What is needed here is an exact repetition of the records below, beginning at the line that has "上映两天,《一条狗的回家路》" and stopping after the line that has "通过层层选拔,11位参赛选手".

***** Exercise inputs

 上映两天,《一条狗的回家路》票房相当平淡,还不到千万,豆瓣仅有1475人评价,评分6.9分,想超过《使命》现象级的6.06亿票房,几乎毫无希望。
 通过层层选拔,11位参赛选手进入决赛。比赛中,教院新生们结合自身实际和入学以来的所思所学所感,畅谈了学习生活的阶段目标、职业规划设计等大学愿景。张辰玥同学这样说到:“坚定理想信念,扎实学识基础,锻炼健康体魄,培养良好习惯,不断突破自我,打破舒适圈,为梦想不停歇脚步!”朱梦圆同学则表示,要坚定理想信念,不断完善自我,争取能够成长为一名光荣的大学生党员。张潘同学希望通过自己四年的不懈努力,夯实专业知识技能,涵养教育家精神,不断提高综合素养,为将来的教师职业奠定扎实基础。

**********
***** Exercise inputs

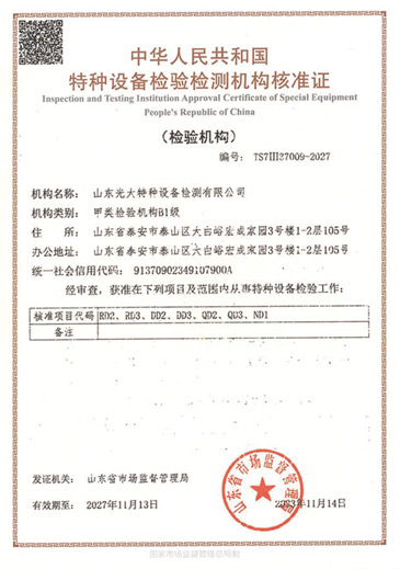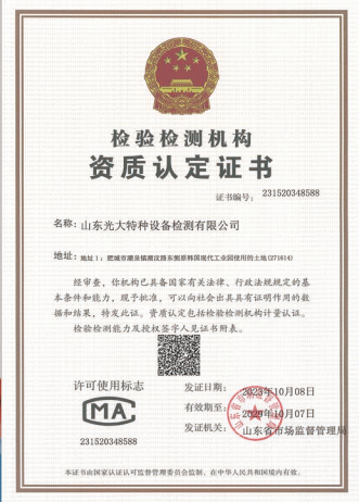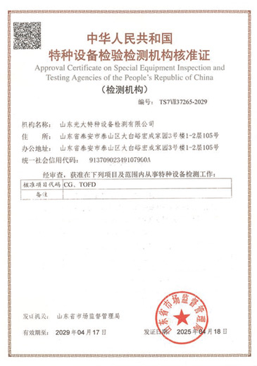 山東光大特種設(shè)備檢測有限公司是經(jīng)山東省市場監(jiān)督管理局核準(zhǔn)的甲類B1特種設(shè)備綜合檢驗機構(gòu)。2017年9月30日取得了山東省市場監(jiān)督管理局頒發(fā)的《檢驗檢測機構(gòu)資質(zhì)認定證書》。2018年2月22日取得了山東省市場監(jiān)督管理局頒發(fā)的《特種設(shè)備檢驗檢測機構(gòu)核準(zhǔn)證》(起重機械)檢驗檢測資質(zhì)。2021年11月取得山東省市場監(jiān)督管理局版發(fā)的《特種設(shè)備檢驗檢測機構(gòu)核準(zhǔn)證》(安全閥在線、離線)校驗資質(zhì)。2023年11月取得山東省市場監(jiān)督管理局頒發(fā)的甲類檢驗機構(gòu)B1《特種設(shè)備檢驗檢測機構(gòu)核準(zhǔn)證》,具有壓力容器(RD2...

**********

**Task solution:**
 上映两天,《一条狗的回家路》票房相当平淡,还不到千万,豆瓣仅有1475人评价,评分6.9分,想超过《使命》现象级的6.06亿票房,几乎毫无希望。
 通过层层选拔,11位参赛选手进入决赛。比赛中,教院新生们结合自身实际和入学以来的所思所学所感,畅谈了学习生活的阶段目标、职业规划设计等大学愿景。张辰玥同学这样说到:“坚定理想信念,扎实学识基础,锻炼健康体魄,培养良好习惯,不断突破自我,打破舒适圈,为梦想不停歇脚步!”朱梦圆同学则表示,要坚定理想信念,不断完善自我,争取能够成长为一名光荣的大学生党员。张潘同学希望通过自己四年的不懈努力,夯实专业知识技能,涵养教育家精神,不断提高综合素养,为将来的教师职业奠定扎实基础。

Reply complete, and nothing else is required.